COPOM’s decision to stand pat came despite rising inflationary pressures. Inflation came in above expectations in November, hitting a near one-year high of 4.3%, which led the Bank to raise its forecast for December inflation to 4.2% from 3.0% previously. However, the Committee deemed this shock to prices to be transient and only slightly raised its projections for end-2021 and end-2022 to 3.3% and 3.5%, respectively, from 3.1% and 3.3% previously, in a scenario based on market expectations. Although the Bank stated that core inflation is at levels compatible with its inflation targets of 4.00%, 3.75% and 3.50% for 2020, 2021 and 2022, respectively, it struck a cautious tone and will monitor the evolution of prices carefully. Furthermore, COPOM continues to see risks to the inflation outlook in both directions: Economic slack and ongoing uncertainty could cause downward pressure, while upward pressure may stem from the prolongation of fiscal measures in response to the pandemic—which would weigh on the country’s fiscal trajectory and lead to a strong increase in the monetary base or higher taxes—coupled with setbacks to the reform agenda increasing risk premiums.

Turning to economic activity, the Bank noted that available data continues to point to an uneven recovery across sectors. Moreover, there is a particularly high level of uncertainty surrounding the economic outlook, especially for the end of this year as the effects of the emergency aid start to fade.

In its communiqué, COPOM stated that it believes the conditions for keeping the current degree of monetary stimulus—well-anchored inflation expectations, Central Bank projections below the target for the relevant monetary policy horizon, and the maintenance of the current fiscal regime—are still satisfied. However, it hinted that, due to intensifying price pressures, these conditions may no longer hold going forward. That said, this may not necessarily imply rate hikes as substantial monetary stimulus is still warranted due to the economic backdrop.

Commenting on the outlook for monetary policy, Alberto Ramos, economist at Goldman Sachs, reflected:

“Overall, we expect the Copom to leave the Selic policy rate unchanged at 2.00% until 2H2021 and to then follow a gradual normalization path. However, while we expect the Copom to be patient, we also acknowledge the risk of an earlier start to the monetary normalization cycle than our current path given the current exceptionally low level of nominal and real rates and the fact that while currently anchored, inflation is often subject to large idiosyncratic shocks that can quickly change the outlook.”

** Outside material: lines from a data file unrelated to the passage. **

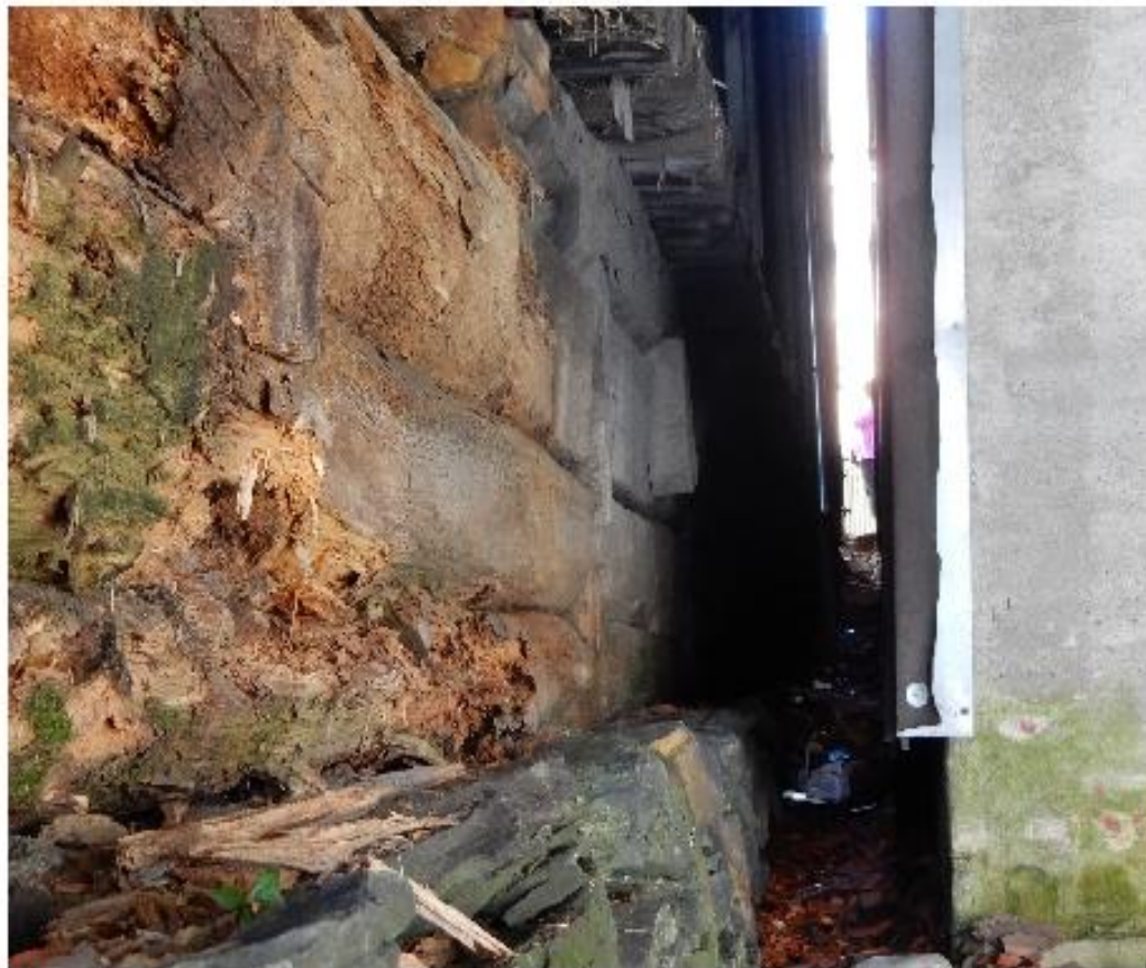
Vitaliserings- prosjektet

Arbeidene med refundamentering av Kjøpmannsgata 29 er i full gang. Her er stolper og pæler lite skadet men nedre del av tømmerkonstruksjon har råtesaker. Det er krevende å skifte ut tømmer når avtanden til nabobrygge er mellom 0,5 og 1 meter.
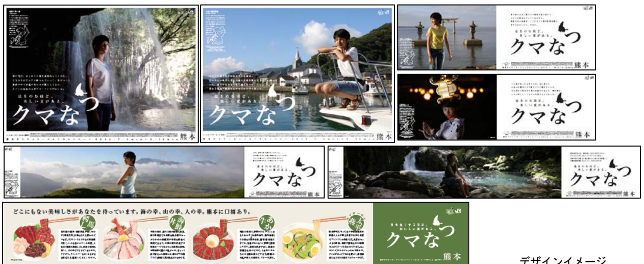
デザインイメージ

今回のポスターのタイトルは「クマなつ」です。熊本の夏を満喫するデザインとなりました。 (掲出時期) 2019年5月24日（金）～9月30日（月）まで全国のＪＲの主な駅・車内等に掲出。
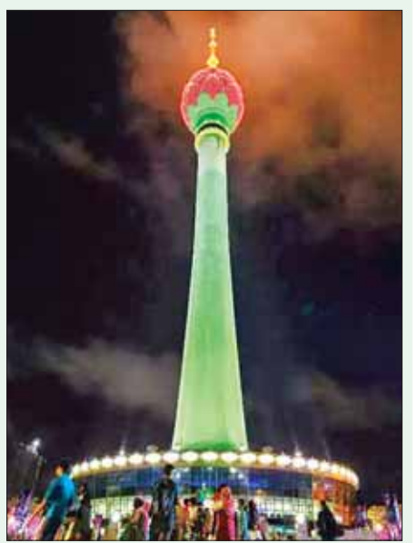
ပြည်တွင်းပြည်ပခရီးသွားများကို ဆွဲဆောင်သည့် သီရိလင်္ကာနိုင်ငံ ကိုလံဘိုမြို့ရှိ ကြာပန်းမျှော်စင်ကို တွေ့ရစဉ်။

သီရိလင်္ကာနှင့် တရုတ်နိုင်ငံတို့သည် ၂၀၁၂ ခုနှစ်တွင် တောင် အာရှ၌ အမြင့်ဆုံးဖြစ်လာမည့် ထိုကြာပန်းမျှော်စင်ကို တည်ဆောက် ရန်အတွက် သဘောတူညီချက်တစ်ခု လက်မှတ်ရေးထိုးခဲ့ ကြသည်။ ဆင်ဟွာ

Moreover, economists at HSBC noted:

“Overall, risks of higher inflation expectations, combined with the mounting fiscal risks for 2021, may eventually prompt the central bank to tighten its monetary policy stance. However, we do not expect the latter to occur anytime soon, as short-term conditions will remain supportive to keep the policy rate at current levels in the first months of 2021. Also, we think that the COPOM will opt to keep the current monetary policy stimulus until there is more certainty on the balance of risks for both growth and inflation. Hence, we think that these conditions could materialize in Q3 2021, when we expect the first hike to the Selic rate.”

The next monetary policy meeting is scheduled for 19–20 January.